'He Brought a Message Back from Before the Flood':
[Thesis]
Ziemann, Marcus Daniel
The Iliad and Neo-Assyrian Propaganda and Ideology
Lopez-Ruiz, Carolina
The Ohio State University
2019
351
Ph.D.
The Ohio State University
2019
This project makes use of theories derived from globalization studies to reexamine Near Eastern influence on the Iliad. In particular, I read the Iliad against the rise of the Neo-Assyrian Empire in the 8th and 7th centuries BCE and the dissemination of Assyrian ideology around the eastern Mediterranean. After examining how the Assyrians pressed literary works, especially the Epic of Gilgamesh, into ideological service, I then triangulate the Iliad's response to Assyrian propaganda with other contemporary non-Assyrian texts, in particular the Book of Isaiah, to show that the Iliad was part of a larger intellectual world. I demonstrate that the Iliad's reactions to Assyria parallel those of other contemporary literatures, especially the Hebrew Bible. Consequently, my dissertation casts doubt on the idea that Near Eastern influence in the so-called Orientalizing Period (ca. 750-650 BCE) occurred mainly through "floating motifs," elements passed orally, without intentionality, across cultural-linguistic boundaries. Instead, I argue that Homer had direct knowledge of Near Eastern texts and that he purposefully adopted and adapted them for his own purposes. Therefore, I argue, differences between Homeric and Near Eastern parallels are not, as many scholars believe, due to Homer's indirect knowledge of Near Eastern literature and mythology but rather are the result of Homer's creative reworking of passages and themes.
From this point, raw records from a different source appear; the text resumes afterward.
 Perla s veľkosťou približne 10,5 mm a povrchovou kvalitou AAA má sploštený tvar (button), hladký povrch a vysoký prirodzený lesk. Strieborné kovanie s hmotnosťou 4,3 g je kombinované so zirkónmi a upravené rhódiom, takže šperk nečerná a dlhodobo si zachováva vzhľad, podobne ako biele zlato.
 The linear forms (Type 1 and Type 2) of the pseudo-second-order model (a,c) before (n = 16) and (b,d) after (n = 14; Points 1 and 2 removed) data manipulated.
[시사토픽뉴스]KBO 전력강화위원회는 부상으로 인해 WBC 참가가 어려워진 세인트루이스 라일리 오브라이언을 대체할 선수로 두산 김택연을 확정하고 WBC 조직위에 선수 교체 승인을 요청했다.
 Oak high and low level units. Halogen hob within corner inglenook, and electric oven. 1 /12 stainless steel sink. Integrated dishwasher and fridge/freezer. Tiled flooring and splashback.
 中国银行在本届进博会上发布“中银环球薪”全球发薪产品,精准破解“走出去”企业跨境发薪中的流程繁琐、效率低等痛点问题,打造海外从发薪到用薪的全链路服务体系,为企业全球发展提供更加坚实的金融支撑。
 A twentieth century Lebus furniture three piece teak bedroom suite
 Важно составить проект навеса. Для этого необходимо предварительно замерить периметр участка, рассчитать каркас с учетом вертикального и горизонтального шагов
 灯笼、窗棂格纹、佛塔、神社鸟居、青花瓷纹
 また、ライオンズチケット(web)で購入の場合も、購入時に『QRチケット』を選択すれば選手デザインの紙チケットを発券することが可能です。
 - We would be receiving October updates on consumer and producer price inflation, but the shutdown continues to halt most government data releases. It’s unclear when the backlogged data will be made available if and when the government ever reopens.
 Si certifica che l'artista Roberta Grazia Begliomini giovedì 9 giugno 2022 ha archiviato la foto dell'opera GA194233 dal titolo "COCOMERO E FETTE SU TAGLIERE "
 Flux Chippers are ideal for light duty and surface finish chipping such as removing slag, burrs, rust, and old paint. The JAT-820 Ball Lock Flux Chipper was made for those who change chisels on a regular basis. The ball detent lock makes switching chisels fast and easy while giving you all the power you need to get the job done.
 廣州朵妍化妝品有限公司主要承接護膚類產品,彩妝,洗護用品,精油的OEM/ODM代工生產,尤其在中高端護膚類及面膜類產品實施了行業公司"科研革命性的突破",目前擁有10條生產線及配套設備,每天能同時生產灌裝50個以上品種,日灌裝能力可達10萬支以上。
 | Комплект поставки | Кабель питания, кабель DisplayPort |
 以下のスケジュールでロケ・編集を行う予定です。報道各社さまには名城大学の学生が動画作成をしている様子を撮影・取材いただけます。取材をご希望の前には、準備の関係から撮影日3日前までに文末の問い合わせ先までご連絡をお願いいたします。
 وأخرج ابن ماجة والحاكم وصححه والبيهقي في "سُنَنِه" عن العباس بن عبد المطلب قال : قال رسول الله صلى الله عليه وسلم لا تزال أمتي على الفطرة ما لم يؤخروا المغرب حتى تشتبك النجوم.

Moreover, as I engage with globalization dynamics, I show that the Iliad's reception of Near Eastern culture functions similarly to how non-Westerners today adopt aspects of Western culture. The Iliad's adoption of Near Eastern material helped enhance Greeks' prestige in a world centered on Assyrian high culture. While I restrict myself to the Iliad in this project, my work here has implications for the rest of Greek Archaic Poetry (the Odyssey, the Hesiodic poems, and the Homeric Hymns) and how we ought to understand Near Eastern influence on those poems as well.